Spec TPU v5p TPU v5e
Type Training-optimized Cost-optimized
BF16 459 TFLOPS 197 TFLOPS
FP8 459 TFLOPS
INT8 918 TOPS 393 TOPS
Memory 95 GB HBM2e 16 GB HBM2e
Mem bandwidth 2,765 GB/s 819 GB/s
ICI bandwidth 1,200 GB/s (3D torus) 400 GB/s (2D torus)
TDP ~250W (liquid cooled) ~120W (air cooled)
Max pod size 8,960 chips 256 chips

TPU v5p has 2 TensorCores + 4 SparseCores (2nd-gen) per chip for embedding-heavy workloads. TPU v5e has 1 TensorCore with 4 MXUs (128x128 systolic arrays). Google does not publish FP32 or TDP figures. ICI uses optical circuit switches for flexible topology.

The v5p targets large-scale training (up to 8,960-chip pods). The v5e is cost-optimized for inference and training of models up to ~200B parameters, offering 2.3x price/performance over TPU v4.

# Single TPU chip
sky.accelerators.TPUv5p()

# Multi-chip slices
sky.accelerators.TPUv5p_8()    # 8-chip slice
sky.accelerators.TPUv4_64()    # 64-chip slice
sky.accelerators.TPUv3_32()    # 32-chip slice
Factory Generation Notes
TPUv6() 6th gen (2024) Latest.
TPUv5p() 5th gen perf Training-optimized.
TPUv5e() 5th gen eff Inference-optimized.
TPUv4() 4th gen General.
TPUv3() / TPUv2() Legacy Still available.
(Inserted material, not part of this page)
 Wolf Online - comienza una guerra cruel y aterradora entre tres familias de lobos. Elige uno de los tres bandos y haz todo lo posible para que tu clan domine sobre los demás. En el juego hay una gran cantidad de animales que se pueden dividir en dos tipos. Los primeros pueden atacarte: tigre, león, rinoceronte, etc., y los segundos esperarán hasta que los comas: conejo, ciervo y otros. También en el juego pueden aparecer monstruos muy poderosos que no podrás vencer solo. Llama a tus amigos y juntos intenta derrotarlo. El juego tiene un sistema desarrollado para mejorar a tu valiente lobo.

Intel Gaudi and AWS Trainium

Two non-GPU accelerators designed specifically for deep learning, each with distinct architectural bets.

Spec Gaudi 3 Trainium2
Vendor Intel (Habana Labs) AWS (Annapurna Labs)
Process TSMC 5nm 5nm
Compute engines 8 MMEs + 64 TPCs 8 NeuronCores-v3
BF16 1,835 TFLOPS (MME) 667 TFLOPS
FP8 1,835 TFLOPS (MME) 1,299 TFLOPS
FP8 sparse 2,563 TFLOPS
Memory 128 GB HBM2e 96 GB HBM3
Mem bandwidth 3,700 GB/s 2,900 GB/s
On-chip SRAM 96 MB (12.8 TB/s) 224 MB scratchpad
Interconnect 24x 200GbE RoCEv2 (4.8 Tbps) NeuronLink-v3 (1,280 GB/s)
TDP 900W (OAM) ~500W

Gaudi 3 is unique in having 24 on-die RDMA/Ethernet ports — no external NIC needed. It uses a dual-chiplet design (two 5nm dies). Trainium2 has 16 dedicated Collective Communication cores for distributed training. A Trn2 instance has 16 chips (20.8 PFLOPS FP8); UltraServer packs 64 chips (83.2 PFLOPS).
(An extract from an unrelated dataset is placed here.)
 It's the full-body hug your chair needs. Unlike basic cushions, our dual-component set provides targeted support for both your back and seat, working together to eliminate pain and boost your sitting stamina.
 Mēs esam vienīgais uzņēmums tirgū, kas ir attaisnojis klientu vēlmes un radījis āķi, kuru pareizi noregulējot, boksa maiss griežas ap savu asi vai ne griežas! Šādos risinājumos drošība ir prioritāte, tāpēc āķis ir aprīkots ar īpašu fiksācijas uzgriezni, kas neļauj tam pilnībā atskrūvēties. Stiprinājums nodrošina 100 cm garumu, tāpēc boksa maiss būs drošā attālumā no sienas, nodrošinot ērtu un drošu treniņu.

Gaudi 3 achieves identical BF16 and FP8 throughput (1,835 TFLOPS) — unusual, as most accelerators halve throughput going from FP8 to BF16. Its integrated Ethernet eliminates the need for InfiniBand, reducing infrastructure cost. Trainium2's NeuronLink interconnect enables tight coupling of up to 64 chips, and its configurable FP8 (cFP8) format allows custom exponent/mantissa splits.
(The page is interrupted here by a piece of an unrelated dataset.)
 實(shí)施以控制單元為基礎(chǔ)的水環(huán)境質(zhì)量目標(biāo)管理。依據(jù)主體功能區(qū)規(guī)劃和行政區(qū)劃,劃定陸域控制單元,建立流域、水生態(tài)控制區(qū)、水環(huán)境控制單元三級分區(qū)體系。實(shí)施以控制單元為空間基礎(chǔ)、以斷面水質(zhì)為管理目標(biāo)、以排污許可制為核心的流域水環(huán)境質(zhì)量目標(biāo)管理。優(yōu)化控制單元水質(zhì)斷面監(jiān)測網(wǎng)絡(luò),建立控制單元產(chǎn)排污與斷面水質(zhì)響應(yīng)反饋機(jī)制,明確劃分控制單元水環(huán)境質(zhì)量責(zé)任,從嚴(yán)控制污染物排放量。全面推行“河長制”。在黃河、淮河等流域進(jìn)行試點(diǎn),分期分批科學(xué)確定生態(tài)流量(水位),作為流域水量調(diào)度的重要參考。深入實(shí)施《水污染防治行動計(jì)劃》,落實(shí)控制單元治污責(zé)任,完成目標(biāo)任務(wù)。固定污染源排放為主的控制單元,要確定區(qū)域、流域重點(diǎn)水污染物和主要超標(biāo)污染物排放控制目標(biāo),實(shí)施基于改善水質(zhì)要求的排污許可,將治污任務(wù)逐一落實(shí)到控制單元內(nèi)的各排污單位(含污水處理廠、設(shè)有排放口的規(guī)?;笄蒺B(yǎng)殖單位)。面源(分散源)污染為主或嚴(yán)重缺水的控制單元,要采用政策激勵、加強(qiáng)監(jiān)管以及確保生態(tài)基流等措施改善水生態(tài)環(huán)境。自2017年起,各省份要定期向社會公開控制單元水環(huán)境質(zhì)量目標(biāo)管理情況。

# Gaudi on AWS DL2 instances
pool = sky.Compute(
    provider=sky.AWS(),
    accelerator=sky.accelerators.Gaudi3(),
)

# Trainium on AWS Trn2 instances
pool = sky.Compute(
    provider=sky.AWS(),
    accelerator=sky.accelerators.Trainium2(),
    image=sky.Image(pip=["torch-neuronx"]),
)
Factory Memory Notes
Gaudi3() 128GB HBM2e Latest generation.
Gaudi2() 96GB HBM2e 2x performance vs Gaudi.
Gaudi() First gen.
Trainium2() 64GB 4x performance vs v1.
Trainium1() 32GB First gen.
Trainium3() 128GB Latest generation.

AWS Inferentia

Custom silicon for cost-effective inference:

pool = sky.Compute(
    provider=sky.AWS(),
    accelerator=sky.accelerators.Inferentia2(),
    image=sky.Image(pip=["torch-neuronx"]),
)
Factory Memory Instance Notes
Inferentia1() 8GB inf1.* Single model serving.
Inferentia2() 32GB inf2.* High throughput.